I woke just before dawn and found she had fallen asleep next to me. She slumped against the headboard with a pillow clutched in her arms. Her long, blonde hair was falling from its ribbon.
She looked like a porcelain doll, too perfect and fragile.
Without realizing it, I’d rolled toward her sometime in the night. My mask slid down while I was sleeping and was around my neck when I awoke. If Alice had stirred before me…
But she didn’t.
I wanted to pull her into my arms and go back to sleep, but I forced myself out of the bed.
Regina’s right. I’m in too deep, have started to feel things for Alice that go beyond mild affection. I need to forgive Gustin’s debt and send the two of them back to their home, where they belong. We’ll purchase Alice’s supplies tomorrow, and I will let her paint me.
Let her think she traded her family’s fortune back for a portrait. I will deal with the repercussions once she’s gone.
“I’m sorry to interrupt,” Wallen says from the doorway. “But may we speak?”
I nod my valet inside, and he shuts the door behind him.
After setting the book on the table next to my plate, I turn toward him. “You’re back already?”
“The information you were seeking was not difficult to find,” he says, looking troubled.

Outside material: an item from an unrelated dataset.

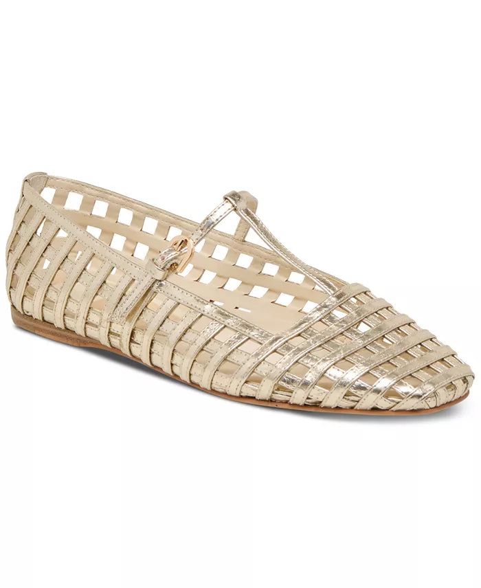 From Dolce Vita, the Rains Metallic Woven T-Strap Ballet Flats feature:

“Alice had a sister who disappeared?”
He nods. “Her name was Eleanor. She went missing while the family was on holiday in Fallon.”
Growing cold, I lean forward. “How old was she?”
“A few months shy of three years.” He watches me carefully, his gray eyes full of regret. “Lord and Lady Gravely looked tirelessly for the girl. A few years after she disappeared, they were caught in a landslide while searching. That’s how they died.”
My stomach plummets. “Did you get her description?”
My valet stares at me, his expression sympathetic. “I found a portrait. It was with the family’s things in the auction house. It had been set aside.”
I swallow, finding it hard to breathe. “Did you bring it with you?”
“I did.”
Slowly, I stand, setting my napkin next to the plate. “I want to see it.”
“Of course. I’ve taken it to your quarters.”
We say nothing else as we walk down the hall. Regina steps from a parlor, smiling when she sees us. Almost immediately, her expression becomes distressed. “What’s the matter?”
I loop my arm through my cousin’s, tugging her so she’ll follow. “Wallen has found a portrait of Alice’s family.”
“Is her sister in it?” Regina asks, and the color drains from her face.
“She is,” Wallen answers.
It can’t be her—our girl was named Alice, not Eleanor. But the location, the age…
The three of us enter my sitting room, and Wallen closes the door behind us. In the center of the room, a covered portrait rests on an easel, waiting to be revealed.
I walk across the space, hesitating once my hand clasps the white cover. Steeling myself, I pull it away.
Regina lets out a soft, heartbroken cry.
Alice, our Alice, sits upon her mother’s lap. She wasn’t much older than a baby when this was painted, a year and a half at the most. She has chin-length, dark brown hair and a red satin bow atop her curls. Her amber eyes are as bright as her young grin, and she’s surrounded by a family that quietly smiles for the artist.